In the barn they found the corpse of Bernice Worden, hung from the ceiling feet first. She was headless and slit from her genitals to her neck, gutted and with her legs splayed wide apart. Her head was found beneath a mattress inside the house with nails in her ears.
Since he never had actually hunted for deer, neighbors wondered what had been in the packages of fresh venison that he'd so generously brought them.

Dennis Nilsen lived in London and picked up his victims in pubs. Before he ever killed, he'd experienced an erotic attraction to death, so he would spend hours lying in front of a mirror, pretending to be dead.
His first murder occurred in 1978. He strangled a man he barely knew with a necktie, completely caught up in the eroticism of having this kind of power over another, and then placed him beneath the floorboards of his apartment. Once having tasted the climatic pleasure of this activity, he found ways to repeat it.

He continued to invite men to his home, strangling them, bathing the corpses, sometimes taking them to bed, usually attempting sexual contact, and finally butchering them or storing them in various places in his apartments. Sometimes after he bathed them, he'd then soak in the same water and then he would decide their fate: store them, sit them in a chair, or cut them up and distribute the parts. With experience as a butcher, he had no trouble dissecting them and boiling the flesh from their skulls.

He pointed out a closet where police found the dismembered parts of two different men. Another torso was found in his tea chest, along with a number of old bones, and he was arrested. He then confessed to killing 15 men over a period of five years, partly because the idea of them leaving his apartment made him feel alone and partly because he simply enjoyed it. In prison, he made drawings of their corpses and body parts.

Among funeral workers, there have been a few females who performed their own erotic rituals, and one of the most famous is Karen Greenlee. She didn't kill men to get the corpses, but she certainly had an attraction to them once they were dead.
In 1979 in California, Greenlee was to deliver the body of a 33-year-old man to a cemetery for a funeral, but instead she drove off in the hearse, abducting the corpse to keep for herself.
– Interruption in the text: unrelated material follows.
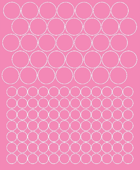 ⭐ Zestawy, sprzedawane w formie arkusza 21X25 cm na arkuszu znajduje się 119 naklejek, produkowane są z folii samoprzylepnej oracal 641. Rozmiar naklejek wynosi 2,5 cm większe (35 szt) oraz 1,5 cm (84 szt) nadają się do naklejenia praktycznie na każdym zwartym podłożu.

She was found and charged with stealing a hearse and interfering with a funeral, and apparently it wasn't the first time she'd felt such a sexual attraction to the dead.

Into this casket she had put a long letter that detailed her erotic episodes with what she estimated had been over 20 male corpses. Calling herself a "morgue rat," she didn't understand why she felt so compelled to touch dead bodies, but it was an addiction she couldn't seem to break. She enjoyed the odor of the freshly embalmed corpse of a male in his twenties, and even the blood that might come out of his mouth as she got on top of him. She admitted having broken into some mortuaries and tombs in order to pursue her habit, and once she was nearly caught with the goods. Ashamed at first, she'd later accepted her desires.

Another woman who loves corpses and who is quite public about it is Leilah Wendell, the curator of the House of Death in New Orleans. S he thinks of it more as "necromantic" than necrophilic and has written about the distinction in The Necromantic Ritual Book. One night John pulled up to her home and pulled out a large package wrapped in a red bow. Carrying it in and placing it on her carpet inside, he urged her to unwrap it. She did, and before her lay a desiccated corpse, remarkably preserved. It had been exhumed from a pauper's cemetery and its disposition was pending. While getting caught at this is a criminal act in some states abuse of corpse most necrophiles keep their activities secret.

John told Wendell she could have it all to herself for four days. Immediately, she made a death mask for a memento. Then she took the corpse to bed. To her mind, this was the greatest gift that anyone had ever given her.